Once he got to the hospital, he retraced the path he had taken before to the trauma floor. He located Lourdes’s private room but entered to find the bed empty and unmade. There was still a bouquet of flowers on a chest of drawers. He checked a small closet, and on the floor, there was a pale green hospital gown. On theclothes bar, there were two metal hangers that probably once held the going-home outfit brought by Bella’s partner, Taryn.
Bosch wondered if Bella had been taken for a medical test or if she had a last therapy session that had drawn her out of her room. He walked down the hall to the nursing station and inquired.
“She hasn’t left yet,” a nurse told him. “We’re waiting for the doctor to sign the paperwork and then she’ll be ready to go.”
“So where is she?” he asked.
“In her room, waiting.”
“No, she’s not. Is there a cafeteria around?”
“Just the one on the first floor.”
Bosch took the elevator down and looked around the small and uncrowded cafeteria. There was no sign of Lourdes.
He knew he could have missed her. As he was going down in one elevator she could have been going up in another.
But a low-grade feeling of panic started to creep into Bosch’s chest. He remembered Taryn being outraged that Lourdes was suffering the indignity of being treated in the same hospital as her abductor and rapist. Bosch had sought to assure her that Dockweiler would be stabilized and moved downtown to the jail ward at the county hospital. But he knew that no arraignment had been set yet for Dockweiler because of his precarious health status. He realized that if Dockweiler’s medical condition was too critical for even a bedside arraignment in the hospital jail ward, then it could also be too critical for a transfer from Holy Cross to County.
He wondered if Taryn had told Bella that Dockweiler was in the same medical center or if she had figured it out on her own.
He went to the information desk in the hospital’s main lobby outside the cafeteria and asked if there was a specific ward for treatment of spinal injuries. He was told spinal trauma was on the third floor.
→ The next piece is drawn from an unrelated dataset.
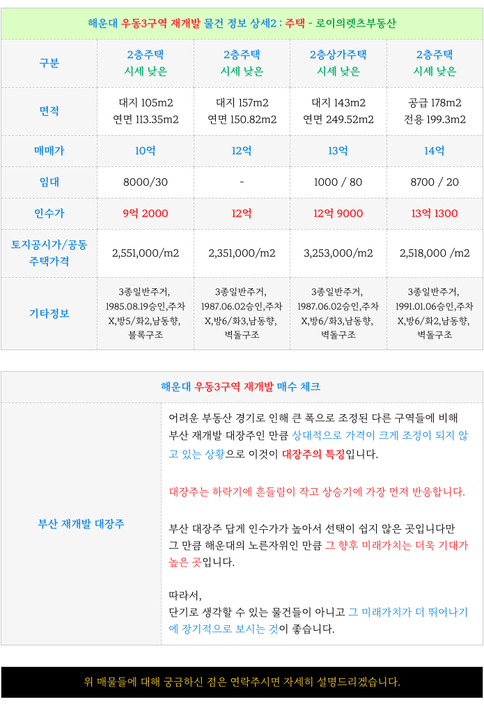 2. 우동3구역 재개발 : 현재 가능한 매물 소개 :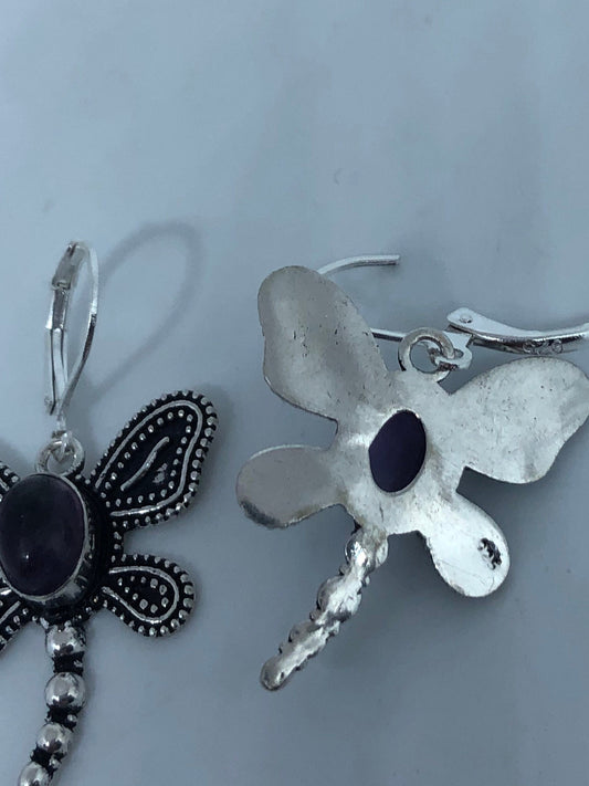Vintage Purple Amethyst Lever Back Earrings 925 Sterling Silver Chandelier Dragonfly

He jumped on an elevator and went back up.
The elevator opened on a nursing station that was located in the middle of a floor plan resembling an H. Bosch saw a uniformed Sheriff’s deputy leaning over the counter and small-talking with the duty nurse. Harry’s anxiety kicked up another notch.
“This is the spinal trauma center?” he asked.
“It is,” the nurse said. “How can I-”
“Is Kurt Dockweiler still being treated here?”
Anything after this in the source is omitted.